EXERCISE DESCRIPTION -> Restate every line below word for word, but drop each picture.

Source records ->
BEGIN
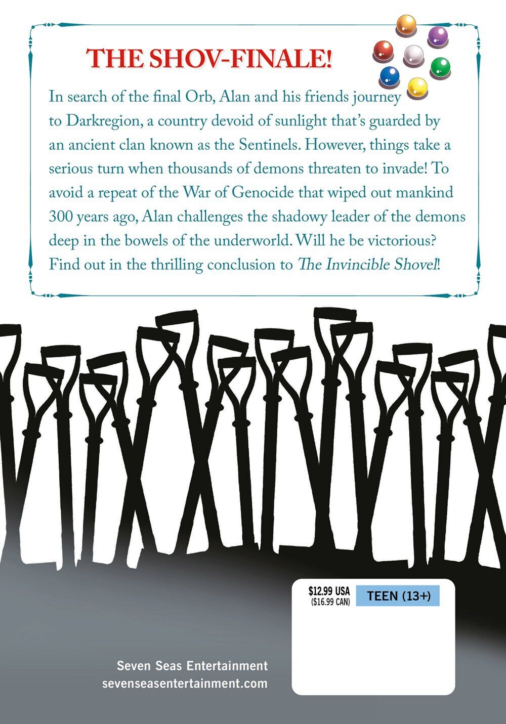 В поисках последней сферы Алан и его друзья отправляются в Темный регион, страну, лишенную солнечного света, которую охраняет древний клан, известный как Стражи. Однако все принимает серьезный оборот, когда тысячи демонов угрожают вторжением! Чтобы избежать повторения Войны геноцида, которая уничтожила человечество 300 лет назад, Алан бросает вызов темному лидеру демонов глубоко в недрах подземного мира. Одержит ли он победу? Узнайте в захватывающем заключении The Invincible Shovel!
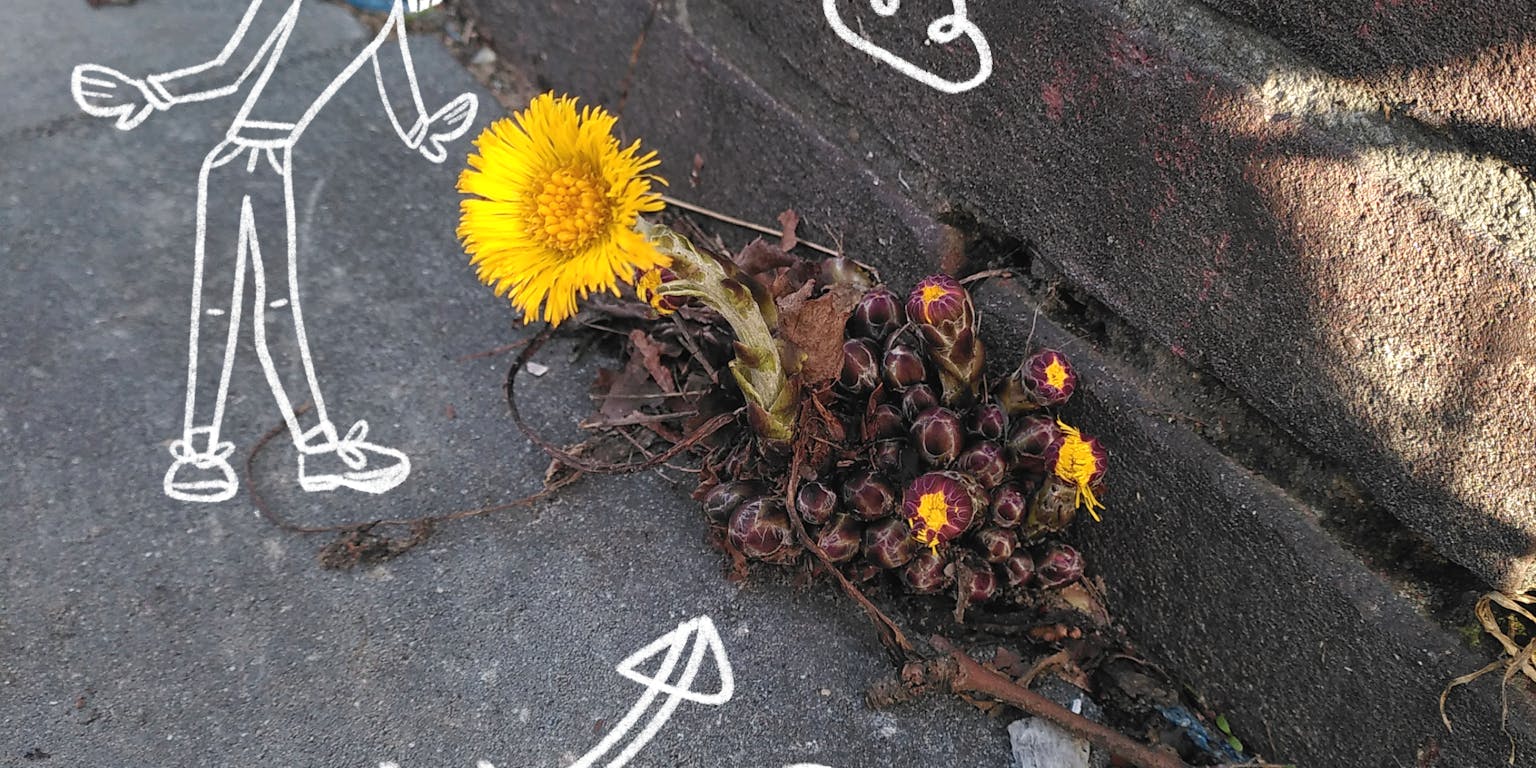 De stralend gele bloem van een klein hoefblad lacht mij toe vanuit de stoeprand naast de snackbar. Het lijkt misschien vreemd, zo vroeg in het jaar, maar er bloeit al van alles op straat. Het is ook alweer licht als ik ‘s ochtends op de fiets stap naar het station. Terwijl ik de hoek om sla bij de snackbar kijk ik vlug even of er al meer bloemen uitkomen. Als het warm genoeg is, stralen de goudgele zonnetjes me al tegemoet tussen de straatstenen, een goede start van de dag. Helaas gebeurt dat nu pas later in de middag als ik aan het werk ben achter mijn bureau.
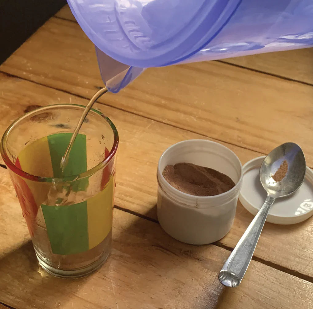 Use a small teaspoon of Comprex powder, mix it with a glass of warm water until fully dissolved, and drink the mixture.
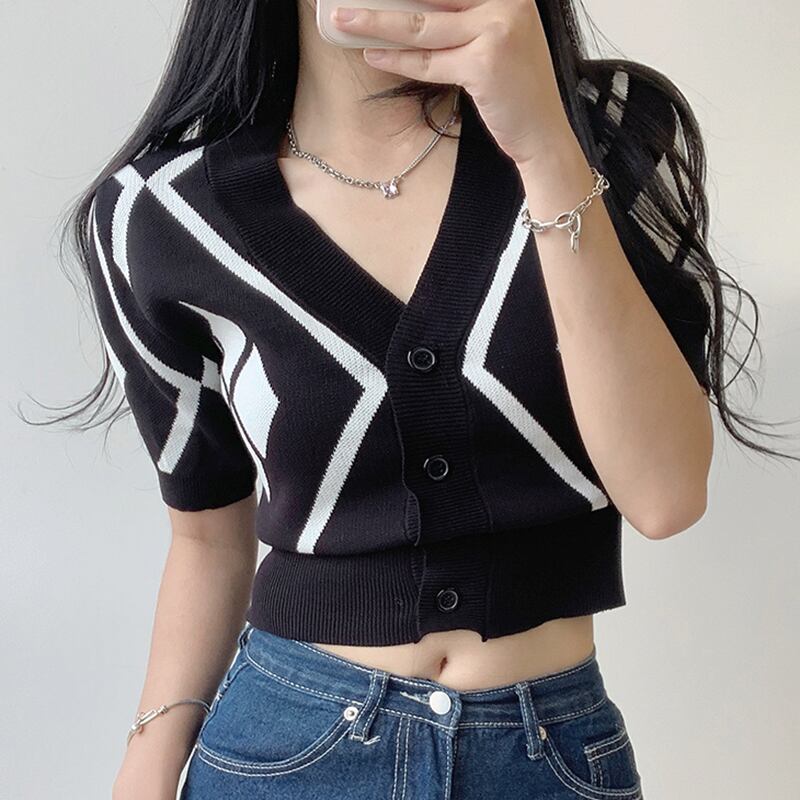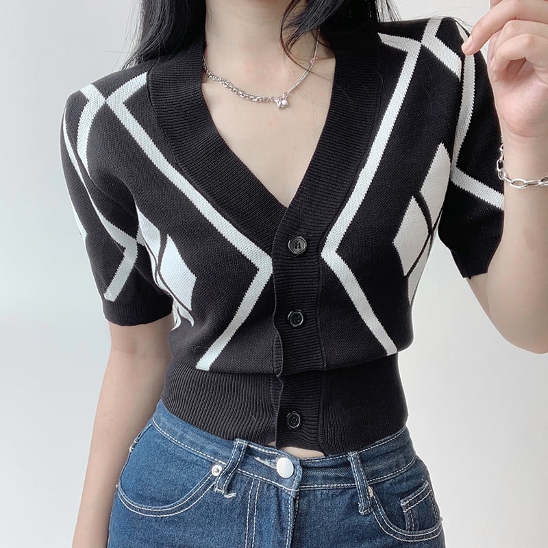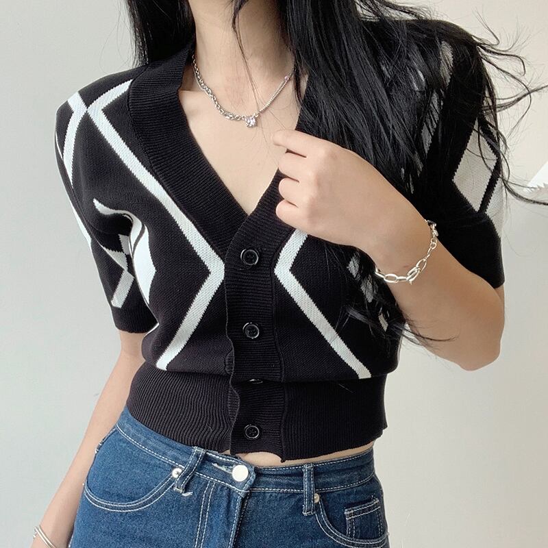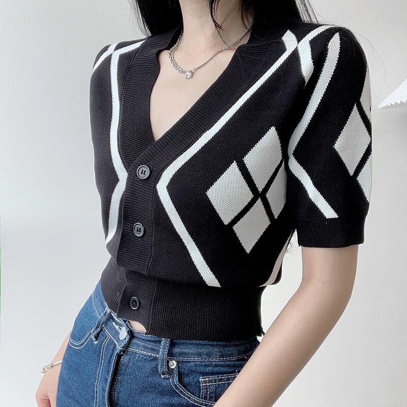 ノミクマヒットカラーアーガイルセーターコートパフスリーブVネックレディースカーディガン2022サマースリムショートニットトップ 夏物 kor59358946539
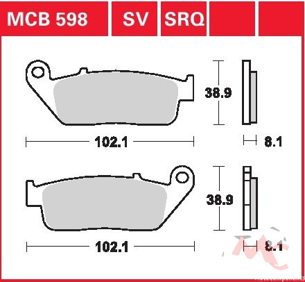 Specifikace brzdových destiček:- označení destiček a směsi: MCB 598 SV
END
THE COMPLETED TASK ->
 В поисках последней сферы Алан и его друзья отправляются в Темный регион, страну, лишенную солнечного света, которую охраняет древний клан, известный как Стражи. Однако все принимает серьезный оборот, когда тысячи демонов угрожают вторжением! Чтобы избежать повторения Войны геноцида, которая уничтожила человечество 300 лет назад, Алан бросает вызов темному лидеру демонов глубоко в недрах подземного мира. Одержит ли он победу? Узнайте в захватывающем заключении The Invincible Shovel!
 De stralend gele bloem van een klein hoefblad lacht mij toe vanuit de stoeprand naast de snackbar. Het lijkt misschien vreemd, zo vroeg in het jaar, maar er bloeit al van alles op straat. Het is ook alweer licht als ik ‘s ochtends op de fiets stap naar het station. Terwijl ik de hoek om sla bij de snackbar kijk ik vlug even of er al meer bloemen uitkomen. Als het warm genoeg is, stralen de goudgele zonnetjes me al tegemoet tussen de straatstenen, een goede start van de dag. Helaas gebeurt dat nu pas later in de middag als ik aan het werk ben achter mijn bureau.
 Use a small teaspoon of Comprex powder, mix it with a glass of warm water until fully dissolved, and drink the mixture.
 ノミクマヒットカラーアーガイルセーターコートパフスリーブVネックレディースカーディガン2022サマースリムショートニットトップ 夏物 kor59358946539
 Specifikace brzdových destiček:- označení destiček a směsi: MCB 598 SV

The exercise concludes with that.